Segment Start: LISTED RECORDS

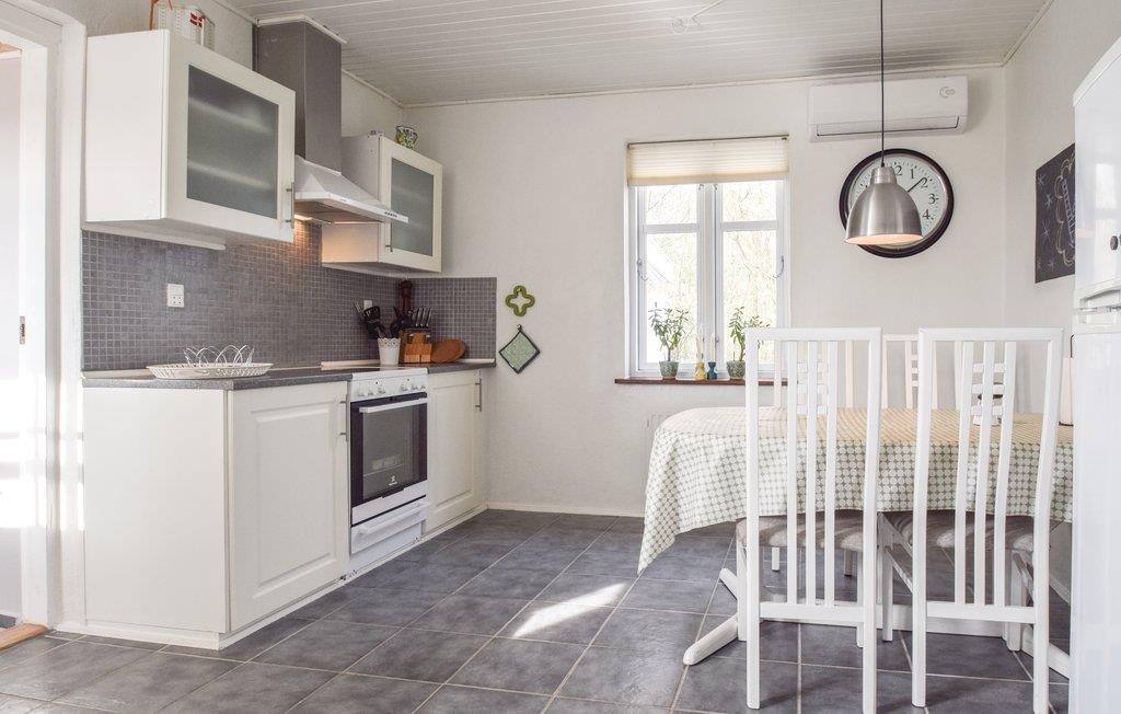 Gezellig en goed onderhouden vakantiehuis aan een landweg in Nordlangeland, iets meer dan een kilometer van de stad Snøde. De grote tuin biedt diverse speelmogelijkheden voor kinderen en is omheind met een haag aan de ene kant en bomen aan de andere kant.
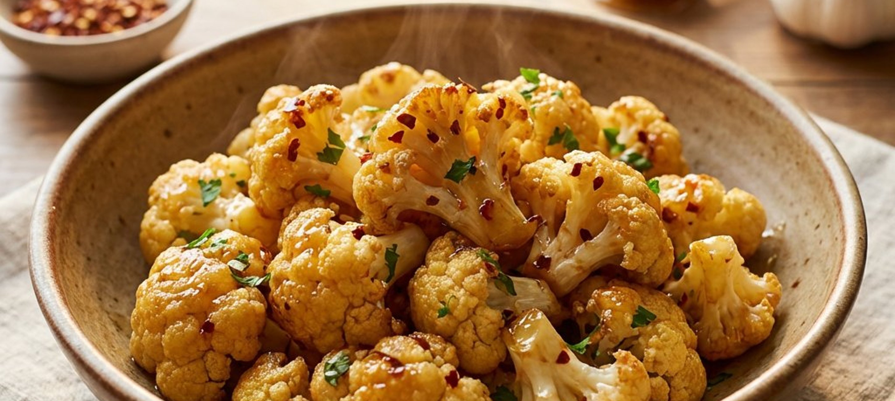 Servieren Sie den Karfiol mit einem Dip aus Sojasauce, frischem Ingwer, etwas Honig und einem Spritzer Essig für eine asiatische Note.
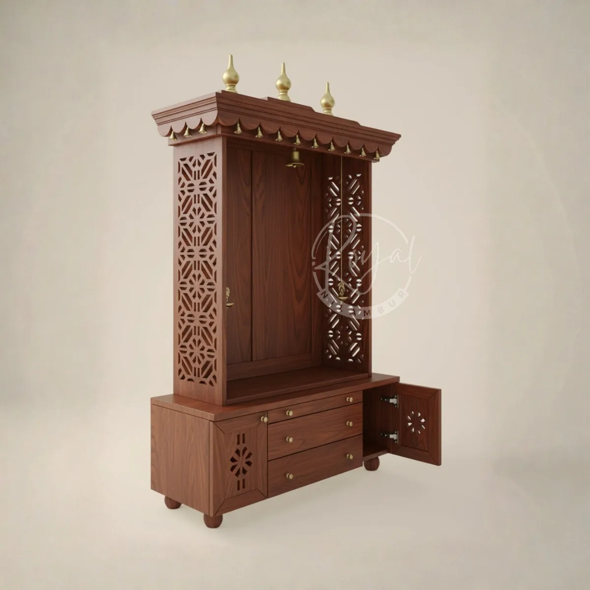 Two Side Cabinets with Jali Cutouts: Decorative latticework allows safe storage for diyas, incense, and ceremonial books while ensuring ventilation.
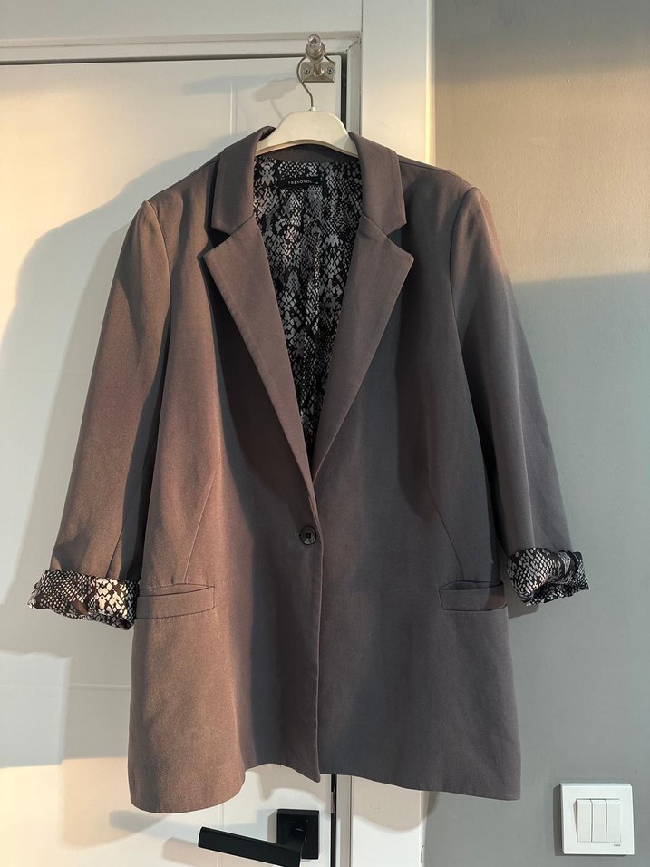 Düğmeli Yılan Desenli Antrasit Blazer
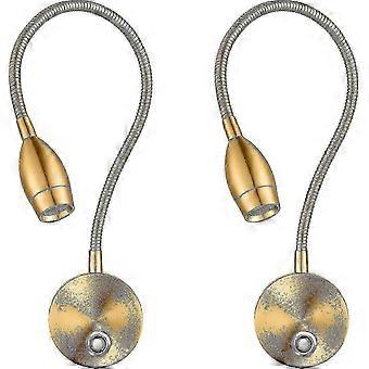 About this item Dimmable Bright Enough:Integrated LED 3W light source equivalent to a 10W bulb,energy saving. Sensitive Touch Dimmer: This LED reading lights use the most smart touch dimmer feature, touch the ON/OFF switch with your finger and the LED reading light will light up. Stepless dimmer will help you choose the right brightness to meet all you need in different occasion, perfect for reading, working,and sleep. 3 Color Modes:Each light touch will change color mode,3000K warm white/4200K neutral white/6000K cool white to meet on different occasions your various needs, ideal for bedside reading or working, and light up your bedroom or living room, corridor any interior wall to meet your extra illumination desired the sofa or in other spots. 360 Degree Rotates:Comes with flexible gooseneck arm and head can be rotated 360,so you can adjust height and shine a light where you need easily, the base will stay sturdy when you adjust the angle. It could be at any angle that you like, directional light don't disturb the sleeping partner. Easy to install and flexible, could be placed at anywhere that you want. Lighting power: 2W Voltage: DC 5V (USB plug) Adapter: Input AC100-240V Output DC5V 1A Light source: 1 LED Color temperature: monochrome 3000-3200K warm white light 6000-6500K neutral light 4000-4200K Neutral light is optional; Three color warm white light cold white light neutral light switchable Color rendering index: Ra > 80 Switch: touch sensing, Three color warm style short press warm white light, cold white light, neutral light, and turn off the light; Long press to adjust brightness Size: Base D64 * 28mm; Hose D8 * 386mm; Lamp cap: D31 * 57mm Wire length: 180cm Material: Aluminum base, aluminum lamp head, iron lamp pole package2pcs wall lamp(Antique Brass)

Segment End: LISTED RECORDS

• _WHAT THE TASK ASKS_
Reproduce the complete set of records verbatim and omit the pictures.

• _REPLY TO THE EXERCISE_
 Gezellig en goed onderhouden vakantiehuis aan een landweg in Nordlangeland, iets meer dan een kilometer van de stad Snøde. De grote tuin biedt diverse speelmogelijkheden voor kinderen en is omheind met een haag aan de ene kant en bomen aan de andere kant.
 Servieren Sie den Karfiol mit einem Dip aus Sojasauce, frischem Ingwer, etwas Honig und einem Spritzer Essig für eine asiatische Note.
 Two Side Cabinets with Jali Cutouts: Decorative latticework allows safe storage for diyas, incense, and ceremonial books while ensuring ventilation.
 Düğmeli Yılan Desenli Antrasit Blazer
 About this item Dimmable Bright Enough:Integrated LED 3W light source equivalent to a 10W bulb,energy saving. Sensitive Touch Dimmer: This LED reading lights use the most smart touch dimmer feature, touch the ON/OFF switch with your finger and the LED reading light will light up. Stepless dimmer will help you choose the right brightness to meet all you need in different occasion, perfect for reading, working,and sleep. 3 Color Modes:Each light touch will change color mode,3000K warm white/4200K neutral white/6000K cool white to meet on different occasions your various needs, ideal for bedside reading or working, and light up your bedroom or living room, corridor any interior wall to meet your extra illumination desired the sofa or in other spots. 360 Degree Rotates:Comes with flexible gooseneck arm and head can be rotated 360,so you can adjust height and shine a light where you need easily, the base will stay sturdy when you adjust the angle. It could be at any angle that you like, directional light don't disturb the sleeping partner. Easy to install and flexible, could be placed at anywhere that you want. Lighting power: 2W Voltage: DC 5V (USB plug) Adapter: Input AC100-240V Output DC5V 1A Light source: 1 LED Color temperature: monochrome 3000-3200K warm white light 6000-6500K neutral light 4000-4200K Neutral light is optional; Three color warm white light cold white light neutral light switchable Color rendering index: Ra > 80 Switch: touch sensing, Three color warm style short press warm white light, cold white light, neutral light, and turn off the light; Long press to adjust brightness Size: Base D64 * 28mm; Hose D8 * 386mm; Lamp cap: D31 * 57mm Wire length: 180cm Material: Aluminum base, aluminum lamp head, iron lamp pole package2pcs wall lamp(Antique Brass)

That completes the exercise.